I have enrolled this year to do a post-graduate course at university specialising in Child and Family Health. I just completed a three-day workshop at university and one topic that was discussed was feeding the baby. I was about 24 when I had my daughter.
Now from a personal point of view I was blessed and very lucky with the whole breastfeeding experience. My daughter was with a very strong suck reflex, and I had plenty of milk, so we both have had a very wonderful experience. I was also very confident and excited about breastfeeding my baby during my pregnancy, and had no doubts I could do it when he arrived.
We all know that ‘breast is best’ and there is all this push to encourage breastfeeding to all new mothers. But upon reflection it occurred to me how there are so many steps involved in breastfeeding, and so many chain of events that have to occur to ensure success. From what I have witnessed and experienced myself it has become obvious to me that breastfeeding really isn’t just about a boob, and a hungry baby. There are so many more elements to breastfeeding that in my opinion are sometimes missed and dismissed when teaching and supporting a mother.
The power of the mind is enormous, and if you have a scared, sore, insecure, afraid, nervous, exhausted mother (to name a few things a mother can feel after having a baby) then how can we expect breastfeeding to come naturally and easily.

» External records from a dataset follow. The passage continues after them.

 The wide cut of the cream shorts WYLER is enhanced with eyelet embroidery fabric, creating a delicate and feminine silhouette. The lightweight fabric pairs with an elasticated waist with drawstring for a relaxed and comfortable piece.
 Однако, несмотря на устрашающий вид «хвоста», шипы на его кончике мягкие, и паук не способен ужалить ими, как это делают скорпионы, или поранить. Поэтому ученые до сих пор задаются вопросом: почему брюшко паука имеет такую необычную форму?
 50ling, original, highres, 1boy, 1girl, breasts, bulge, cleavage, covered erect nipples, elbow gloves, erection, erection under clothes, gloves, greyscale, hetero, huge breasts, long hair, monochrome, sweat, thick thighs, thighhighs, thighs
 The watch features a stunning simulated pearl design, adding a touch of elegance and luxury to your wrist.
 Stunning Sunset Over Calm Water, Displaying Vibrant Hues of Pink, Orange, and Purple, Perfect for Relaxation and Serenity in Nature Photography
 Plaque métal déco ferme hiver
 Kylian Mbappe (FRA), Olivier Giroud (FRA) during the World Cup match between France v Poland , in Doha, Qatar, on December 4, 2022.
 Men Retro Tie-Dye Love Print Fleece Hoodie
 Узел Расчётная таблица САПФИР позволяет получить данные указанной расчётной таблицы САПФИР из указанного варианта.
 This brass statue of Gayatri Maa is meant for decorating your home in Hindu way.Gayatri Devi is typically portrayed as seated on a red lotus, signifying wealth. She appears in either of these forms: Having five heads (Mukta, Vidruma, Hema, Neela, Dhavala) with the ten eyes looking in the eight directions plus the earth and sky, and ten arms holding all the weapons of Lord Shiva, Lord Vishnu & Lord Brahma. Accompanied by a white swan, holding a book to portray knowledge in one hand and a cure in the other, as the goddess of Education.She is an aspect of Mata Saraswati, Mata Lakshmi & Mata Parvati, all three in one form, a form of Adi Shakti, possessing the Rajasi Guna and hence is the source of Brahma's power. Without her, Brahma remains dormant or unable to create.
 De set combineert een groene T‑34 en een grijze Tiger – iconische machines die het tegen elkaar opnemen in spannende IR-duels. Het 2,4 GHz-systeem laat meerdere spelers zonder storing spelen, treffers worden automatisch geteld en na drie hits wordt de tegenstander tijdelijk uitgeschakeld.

I am a breastfeeding advocate, but how far do we push a mother to feed if she mentally is not in the right head space. Somehow there is this perception that mothers that formula feed are second class citizens, as though they have failed. I really have a problem with this. I feel that the emphasis and goal should be to help a mother bond with their baby and be encouraged to form a safe and secure relationship. If she has tried the breastfeeding but it is causing more grief than anything then a mother should not in any way feel she has failed if she decides to bottle feed their baby.
We know that breastfeeding helps the mother and baby bond, and we know breast milk is the premium, but let’s not forget all the other things that helps a mother bond with a baby. These would include a supportive family and partner, a confident and happy mother, good nutrition, sleep, time and patience, non-judgemental and supportive medical staff. The list goes on, but I guess the point I’m trying to make is that no mother should feel that breastfeeding is the deciding factor of what sort of mother she is going to be. I have had many thoughts of guilt, doubt and worry with things I have done with my daughter. As a mother you are constantly second guessing yourself and wondering deep down “will this harm my baby?”, but one thing I have never doubted is the love I feel for my kid. I have never doubted the fact that I know my baby better than anybody else, and I will not be made to feel otherwise by anyone. Learning to understand your baby takes time. And although I have breastfed my baby, I don’t believe it is that one action alone that has helped me bond with my baby.